When you read the title “Reflections Within the Transitioning Grid,” an image undoubtedly forms within your mind—of mirrored surfaces, perhaps, or of the countless “reflection” papers your seminar professors have surely assigned throughout the course of your study. For me, the title invoked a sense of curiosity. Grid as in electricity? Grid as an artistic element? As in what modern cities are built on? I would soon learn that the interpretations I dreamt up all spoke to one of the fundamental themes of the exhibit: change. 

Merrill Shatzman and libi rose, the artists behind the exhibit, met at Duke three years ago, when rose was an M.F.A. student in one of Shatzman’s classes. As a joint initiative between the Center for Documentary Studies and the Master of Fine Arts and Experimental and Documentary Arts at Duke, it made sense that the Power Plant Gallery would host the exhibit.

“We’ve known each other for almost four years, and I think we really work well together—our ideas play off of each other’s,” Shatzman said. “Once we started talking about doing this, the ideas just kept growing and growing, and continue to grow. We have to stop sometimes, and say ‘no more ideas!’”

The inspiration for the exhibit began to form after rose completed a project for Shatzman’s class in which she 3-D printed typography, making something we’re traditionally used to seeing on a screen into a tangible object.

“I work as a printmaker, and I was really interested in how to bring technology into printmaking but not have it appear as if technology is the driving force behind it,” Shatzman said. 

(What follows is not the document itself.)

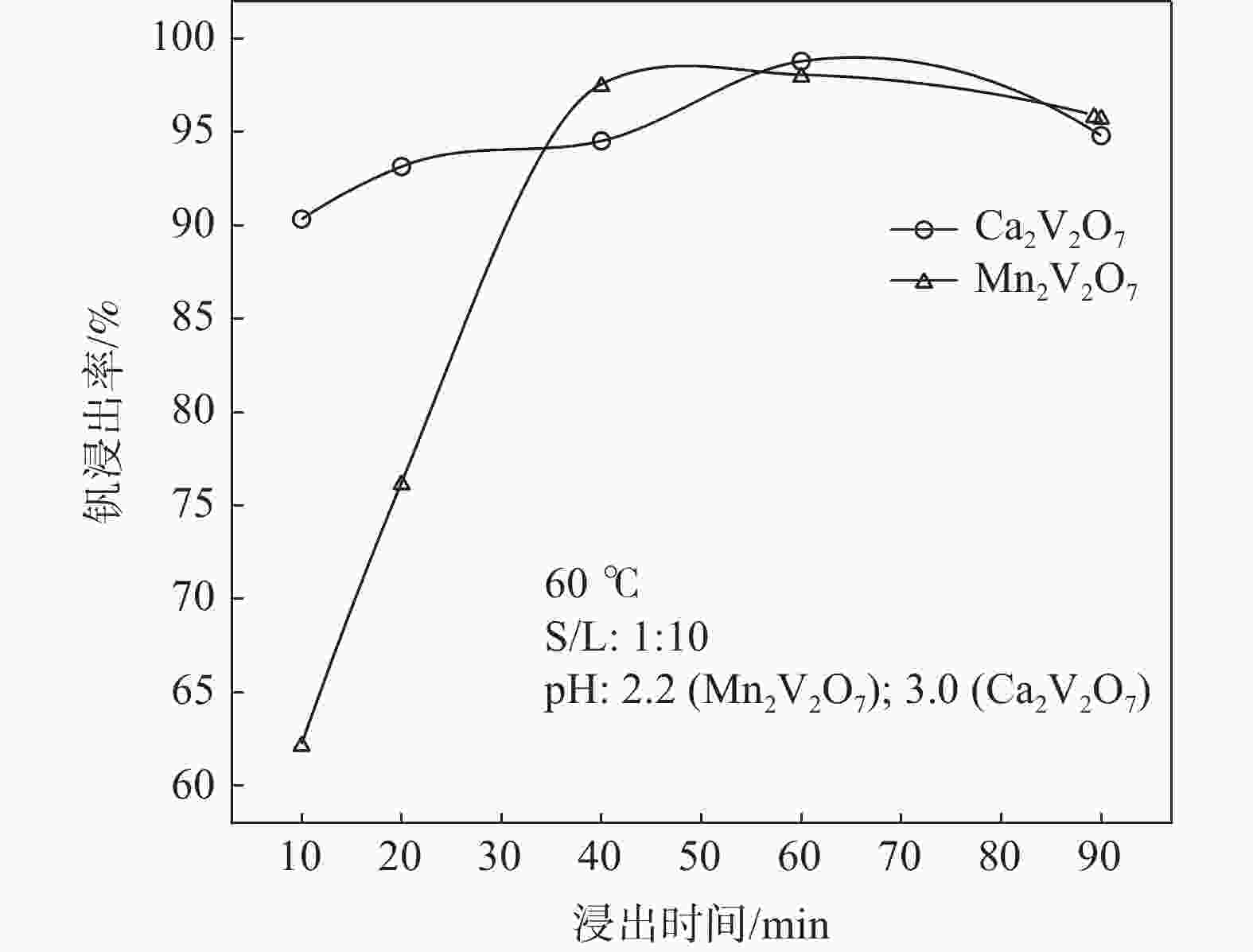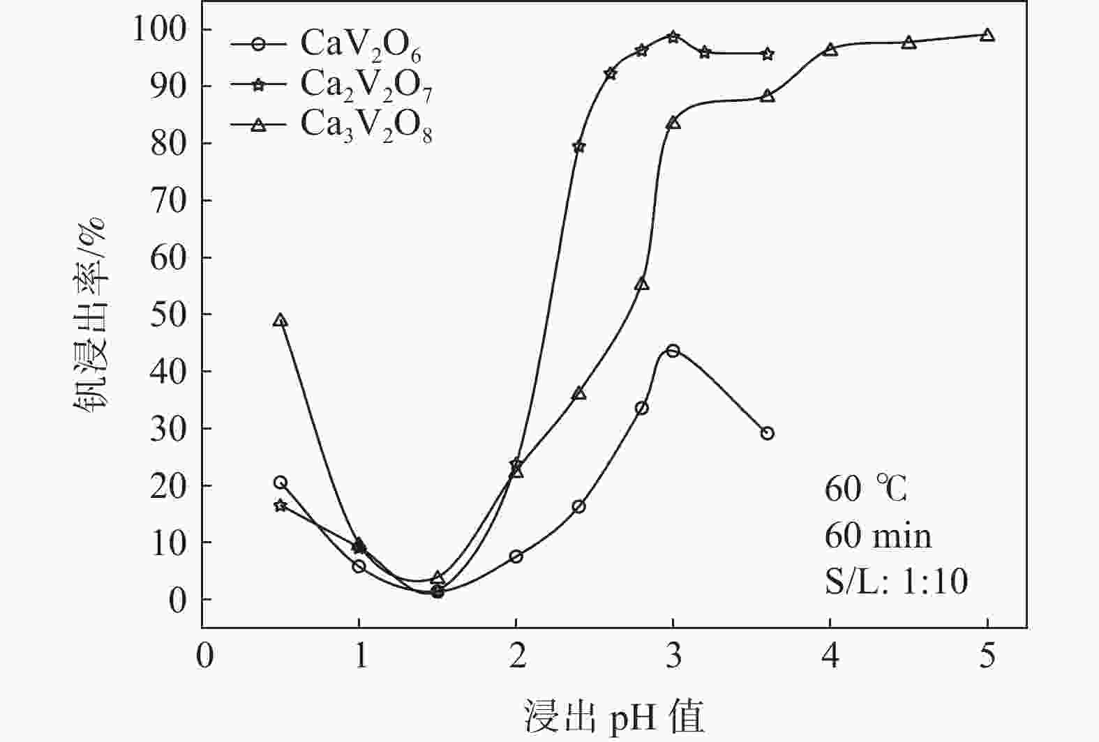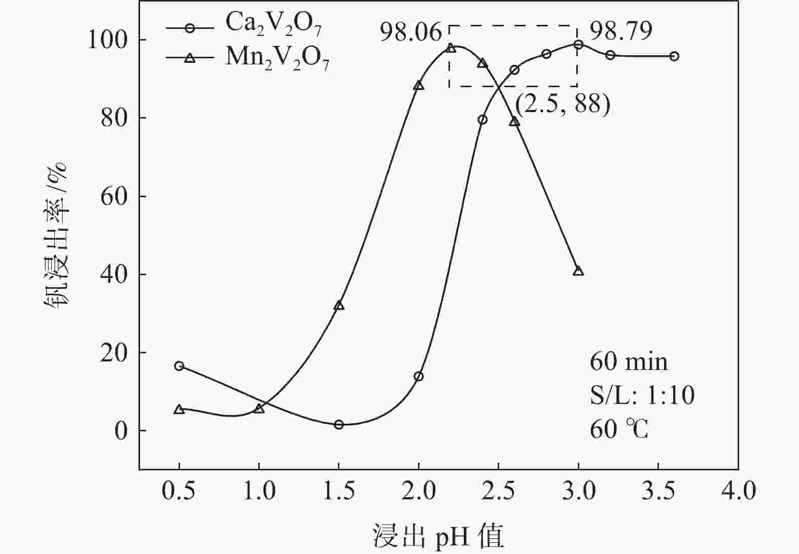摘要: 钒酸钙和钒酸锰是钒渣钙化焙烧过程中重要的焙烧产物,其在硫酸中的溶解浸出行为对提钒过程钒收率有重要影响。采用单因素试验递进式研究了浸出pH值、时间及温度对合成钒酸钙(锰)以及钒渣钙化(锰化)、钙锰复合焙烧熟料中钒组元浸出行为的影响。结果表明,合成CaV2O6、Ca2V2O7、Ca3V2O8及Mn2V2O7在pH值分别为3.0、3.0、5.0、2.2的硫酸溶液中于60 ℃下浸出60 min时,钒的浸出率达到最大值,分别为43.62%、98.79%、97.98%、98.06%。pH值为1.0~2.0时,四种钒酸盐钒的浸出率均出现一个低谷,这是由钒的水解引起的。钒渣常规钙化和锰化焙烧过程中主要生成Ca2V2O7和Mn2V2O7两种钒酸盐,浸出pH值为2.5时,钒的浸出率分别为85.24%、87.07%;钒渣钙锰复合焙烧过程中生成的焦钒酸钙、焦钒酸锰共生复盐,熟料于pH值为2.5的硫酸溶液中浸出后钒的浸出率最大为90.09%,较常规钙化、锰化体系钒的浸出率高约四个百分点,表明钙、锰协同提钒与单一添加剂提钒相比有一定的强化作用。Abstract: Calcium vanadate and manganese vanadate are important roasting products in the calcification roasting process of vanadium slag, and their dissolution and leaching behavior in sulfuric acid has an important effect on the vanadium yield in the vanadium extraction process. In this paper, the effects of leaching pH, time and temperature on the leaching behavior of vanadium components in the synthesis of calcium vanadate (or manganese vanadate), vanadium slag calcification (or reaction with manganese) and calcium-manganese composite roasting clinker were studied by single factor test step-by-step method. The results showed that the maximum leaching rate of vanadium was 43.62%, 98.79%, 97.98% and 98.06% when the synthetic CaV2O6, Ca2V2O7, Ca3V2O8 and Mn2V2O7 were leached at 60℃ for 60 min at pH 3.0, 3.0, 5.0 and 2.2, respectively. When the pH value is 1.0~2.0, the leaching rate of the four vanadates shows a low peak, which is caused by the hydrolysis of vanadium. Ca2V2O7 and Mn2V2O7 vanadate were mainly formed during the conventional calcification and manganese roasting of vanadium slag, and the leaching rates of vanadium were 85.24% and 87.07%, respectively, when the leaching pH value was 2.5. The leaching rate of vanadium after clinker leaching in sulfuric acid solution with pH value of 2.5 was 90.09%, which was about four percentage points higher than that of vanadium in conventional calcification and manganese systems, indicating that the synergistic extraction of vanadium from calcium and manganese had a certain strengthening effect on vanadium extraction with a single additive.

“[We wanted] to make the technology an organic part of the work, rather than like ‘Look at this technology!’” rose added. 

This concept of the blending of the natural and technological worlds is at the base of the exhibit, which utilizes more traditional prints (all previously shot by Shatzman) but portrays them through a technological lens. As a result, most of the pieces in the show have been either laser-cut or laser-etched.

“That’s a driving factor of my work, that there’s a separation between the natural and the human-made,” rose said. “There’s this continuum of what we perceive as natural and what we perceive as unnatural.”

Perception, too, is a key theme throughout the work, which challenges the traditional ways we view prints by presenting them in an unexpected way.

“Almost all of [the exhibit] is drawn from the same body of imagery, but they’ve just been broken up into different methods of viewing, different methods of transmitting that image back to the viewer,” rose said.

This idea also correlates to the exhibit’s subject matter, reflections.

“The narrative behind it is looking at imagery and being able to see it in a variety of different ways,” Shatzman said. “If one looks at reflected surfaces, they’re often held within a boundary. … They’ll reflect what’s around them, to some point, but at the same point they take on so many other different types of characteristics that they could be seen as a variety of things, if you let your mind see them that way.”

These themes of change, as well as the transition of the natural and organic to the unnatural and strange, speak particularly well to the changes that Durham is currently going through.

“We can see these images in the buildings that are going up in downtown now, and think about how these buildings change how we move through space, and the ways that grids force us to move through space, and the way that the Durham grid has been disrupted so many times,” rose said.

Shatzman also hopes that the exhibit will speak specifically to Durham’s burgeoning tech community.

“There always seems to be such a good joining between technology and art, or engineering and art, or city planning and art,” Shatzman said. “You can really look at old and new in Durham and see these different types of relationships. It would be my hope that someone coming to the show…[can] get caught in something new that they’re seeing, and aware of that, rather than just ‘Oh, that’s another building!’” 

Shatzman and rose’s exhibit, “Reflections Within the Transitioning Grid: Merging Structure, Form, and Design With Technology” will open Sept. 15 at the Power Plant Gallery at Duke University in the American Tobacco Campus with a Third Friday Durham Opening Reception and Artist’s Talk from 5 p.m. to 8 p.m. The exhibit will run until Nov. 22.